▸ Your assignment: The answer is to be the lines below that lie between the line holding "意味不明あだ名 | 『とにかく怪しいみんとぱん』 |" and the line holding "打开3Dmax2012软件,点击【建立】", inclusive, transcribed exactly and free of pictures.

====== Records supplied ======

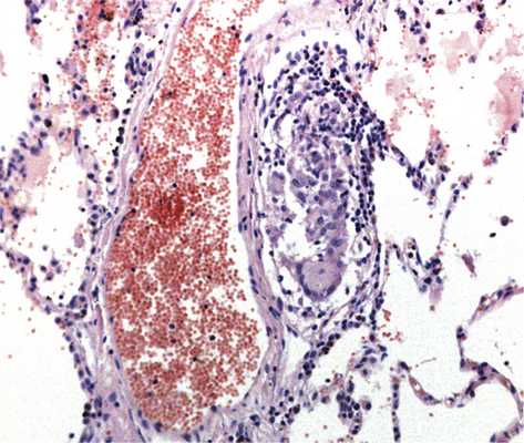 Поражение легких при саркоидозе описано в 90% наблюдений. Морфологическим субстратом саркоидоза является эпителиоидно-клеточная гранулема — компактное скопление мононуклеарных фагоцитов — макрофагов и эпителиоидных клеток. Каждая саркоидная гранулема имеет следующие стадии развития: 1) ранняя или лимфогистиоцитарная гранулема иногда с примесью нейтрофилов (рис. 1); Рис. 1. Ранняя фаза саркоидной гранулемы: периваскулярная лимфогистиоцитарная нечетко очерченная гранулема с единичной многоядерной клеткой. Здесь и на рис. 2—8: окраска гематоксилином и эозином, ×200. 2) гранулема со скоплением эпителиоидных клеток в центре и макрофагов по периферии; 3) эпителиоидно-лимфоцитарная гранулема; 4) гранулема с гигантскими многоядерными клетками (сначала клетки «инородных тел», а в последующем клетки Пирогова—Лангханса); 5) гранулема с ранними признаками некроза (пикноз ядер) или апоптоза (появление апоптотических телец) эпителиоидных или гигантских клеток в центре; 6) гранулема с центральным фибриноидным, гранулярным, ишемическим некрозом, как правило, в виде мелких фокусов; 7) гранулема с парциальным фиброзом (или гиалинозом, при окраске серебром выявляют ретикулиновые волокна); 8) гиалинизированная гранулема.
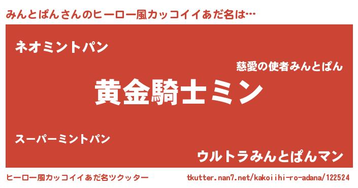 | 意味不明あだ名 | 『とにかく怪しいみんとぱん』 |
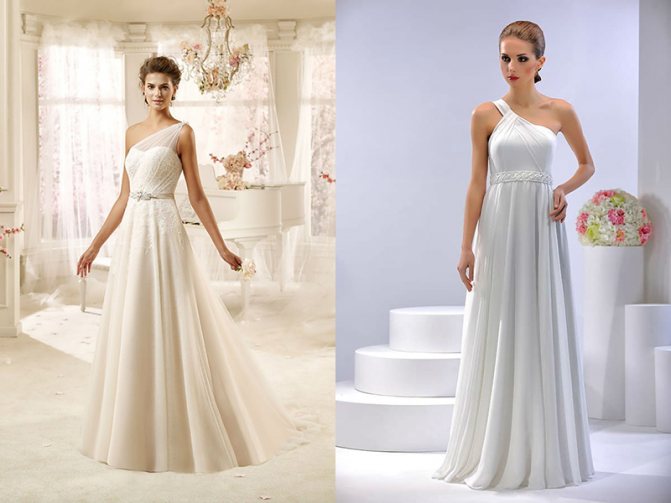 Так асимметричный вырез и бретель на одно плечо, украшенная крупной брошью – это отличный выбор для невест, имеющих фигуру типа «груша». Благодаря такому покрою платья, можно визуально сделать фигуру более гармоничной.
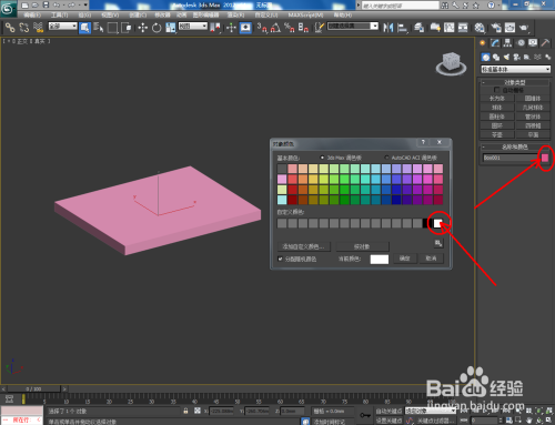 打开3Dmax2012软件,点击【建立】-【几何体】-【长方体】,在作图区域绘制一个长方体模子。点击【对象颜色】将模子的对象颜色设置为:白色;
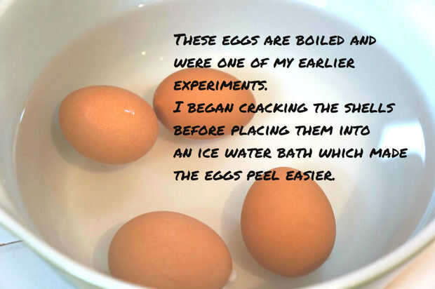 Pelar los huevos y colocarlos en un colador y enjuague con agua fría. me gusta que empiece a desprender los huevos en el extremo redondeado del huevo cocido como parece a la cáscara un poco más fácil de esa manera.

======

▸ Result of the exercise:
 | 意味不明あだ名 | 『とにかく怪しいみんとぱん』 |
 Так асимметричный вырез и бретель на одно плечо, украшенная крупной брошью – это отличный выбор для невест, имеющих фигуру типа «груша». Благодаря такому покрою платья, можно визуально сделать фигуру более гармоничной.
 打开3Dmax2012软件,点击【建立】-【几何体】-【长方体】,在作图区域绘制一个长方体模子。点击【对象颜色】将模子的对象颜色设置为:白色;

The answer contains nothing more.